M. Dewitte. - Le motif du retard apporté à la vérification des
pièces est indépendant des personnes élues et de la commission. Voici le motif
: (Ici M. Dewitte lit une lettre de laquelle il résulte que les procès-verbaux
d’élections de représentants et de sénateurs qui avaient été faits dans les
mêmes districts ont été envoyés à M. le président du sénat pour que celui-ci
les adressât ensuite à la chambre des représentants.)

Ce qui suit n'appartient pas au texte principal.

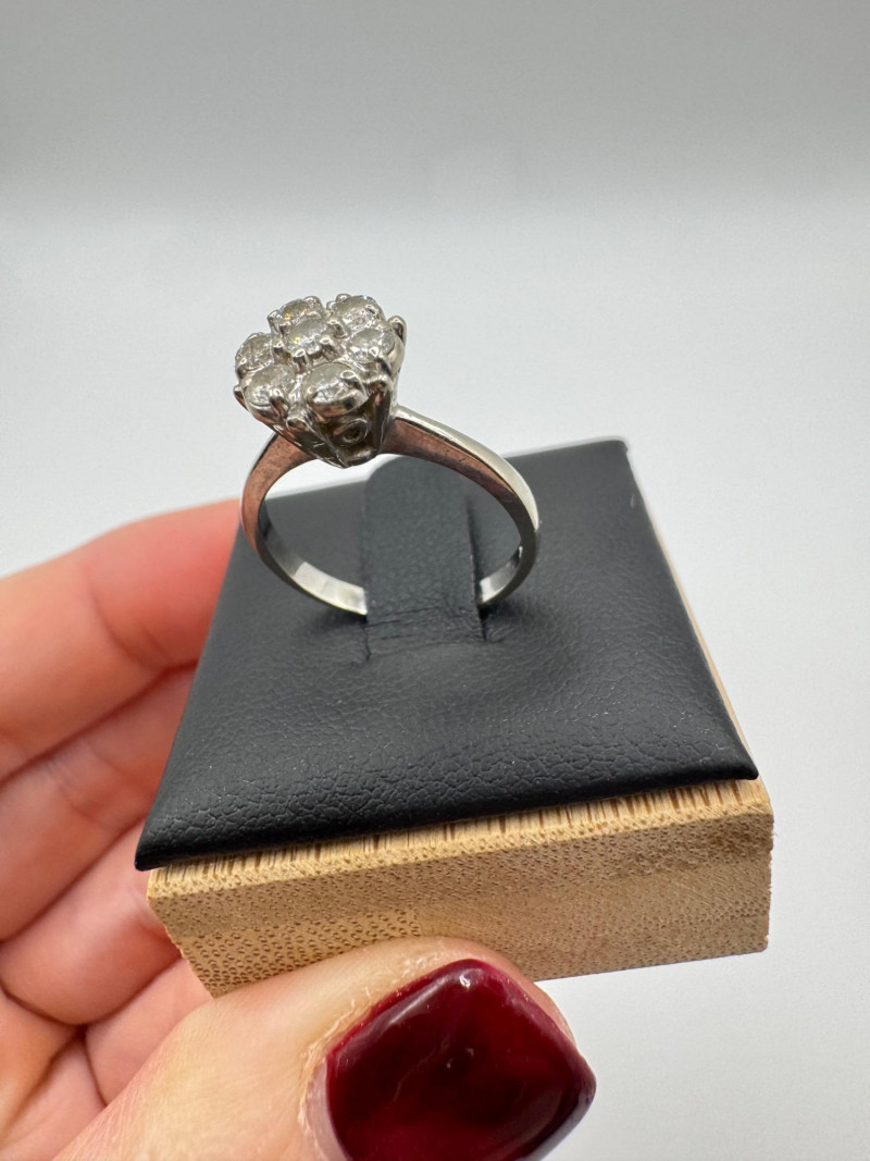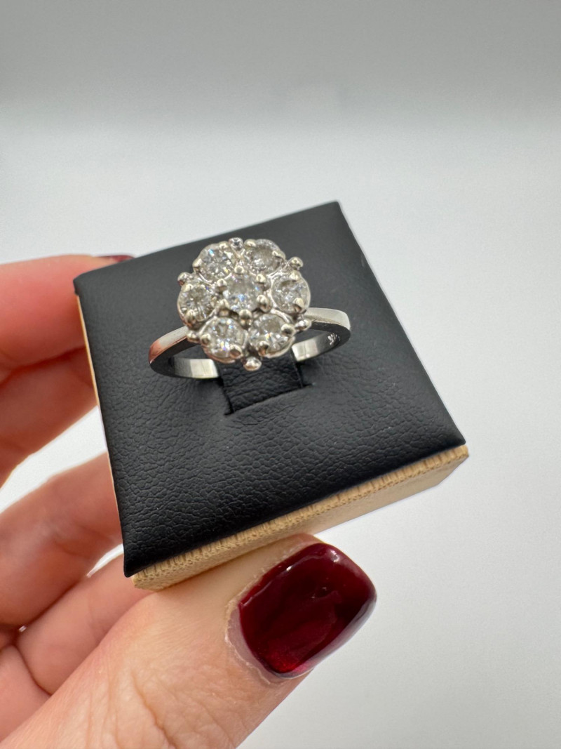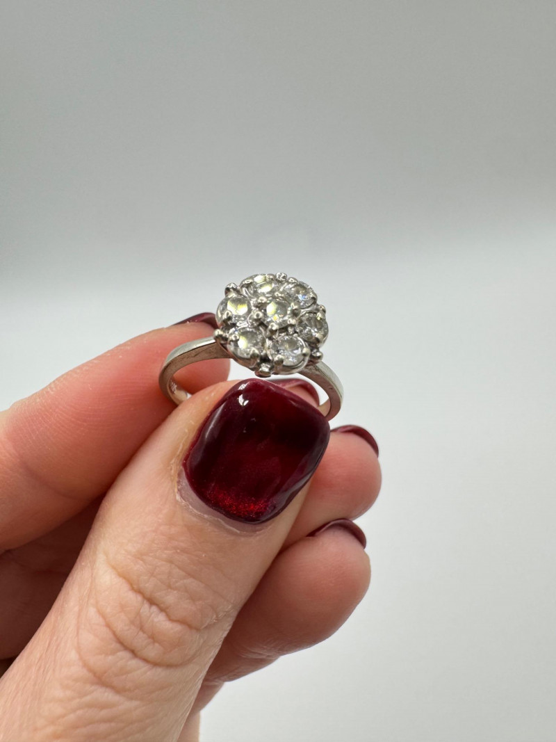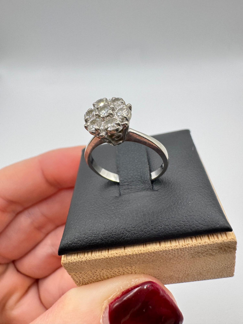14K White Gold Cluster Ring w/ 7 Diamonds, 3.2g.
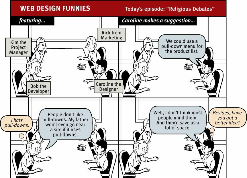 And the worst thing about the myth of the average user is that it reinforces the idea that good Web design is largely a matter of figuring out what people like. It's an attractive idea: Either pull-downs are good (because most people like them), or they're bad (because most people don't). Stories should be on a single long page, or they should be broken up into many shorter pages. Home page carousels, mega menus, rollovers, etc. are either good or bad, black or white.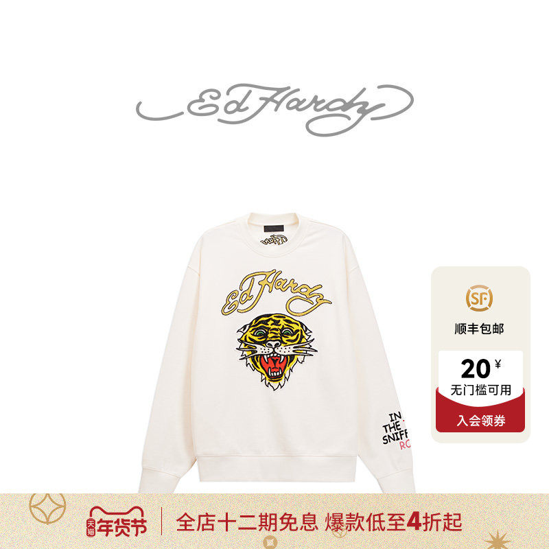 小姐姐全球购ED HARDY 毛巾刺绣虎头拼贴 套头卫衣 男款 23冬Z035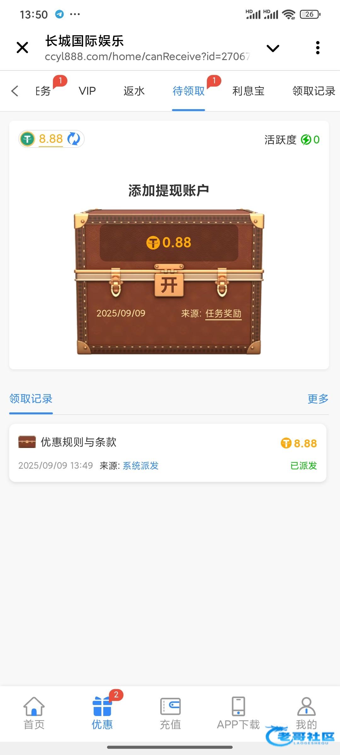 你这个代理不行 前两天私信我 啥资料都不要 直接送了18.88 只要五倍流水 我打到200u出了100u

M. Devaux. - La question est toute simple. Il faut toujours que
la commission chargée de vérifier les pouvoirs fasse son rapport. S’il se
rencontre quelques obstacles et qu’un délai soit nécessaire, on ajourne
l’admission des membres élus, sans que cela empêche la chambre de se
constituer. Mais il faut que d’abord le rapport de la commission soit fait.
M. Poschet.
- Le rapport dont il s’agit n’est pas si facile qu’on le pense ; la commission
ne serait pas à même de le faire ce soir, il y a beaucoup de difficultés à
résoudre ; d’ailleurs il me semble qu’il n’y aurait aucun inconvénient à
renvoyer ce rapport à demain.
M. Dumortier. - La proposition que j’ai eu l’honneur d’indiquer à
la chambre est d’une telle importance que je ne conçois pas qu’on veuille
remettre à demain ce que nous avons à faire. Je suis vraiment étonné qu’on le
demande, car demain il sera trop tard : il faut donc nécessairement se réunir
ce soir même. Quelque désir que j’aie de voir siéger ici quelques députés de
plus, il y a une considération bien plus puissante qui me presse, c’est celle
du salut du pays. Salus populi suprema lex esto !
M. Osy. - J’appuie
la proposition qui a été faite de nous réunir ce soir, car on pourrait à cette
séance du soir former le bureau et demain on s’occuperait de ce qui concerne le
pays.
M. Jullien.
- La commission ne peut pas dire quelles difficultés pourront s’élever à
l’occasion de pièces qu’elle n’a pas encore vues, mais elle peut apprécier
celles que soulèvent les pièces qu’elle a déjà examinées. Je crois dès cet
instant pouvoir vous assurer que son travail ne sera pas prêt pour ce soir. Il
serait plus raisonnable selon moi de remettre la séance à demain, d’autant plus
que personne ne peut apprécier l’importance de la proposition de M. Dumortier,
puisqu’il n’a communiqué son secret à personne. (On rit.) Je crois que le salut du pays ne tient pas à quelques
heures de plus.
M. le président
consulte l’assemblée sur le point de savoir s’il y aura une séance du soir.
- L’épreuve étant douteuse, on procède à l’appel
nominal. 32 membres se prononcent pour l’affirmative, et 36 pour la négative.
La séance est levée à quatre heures.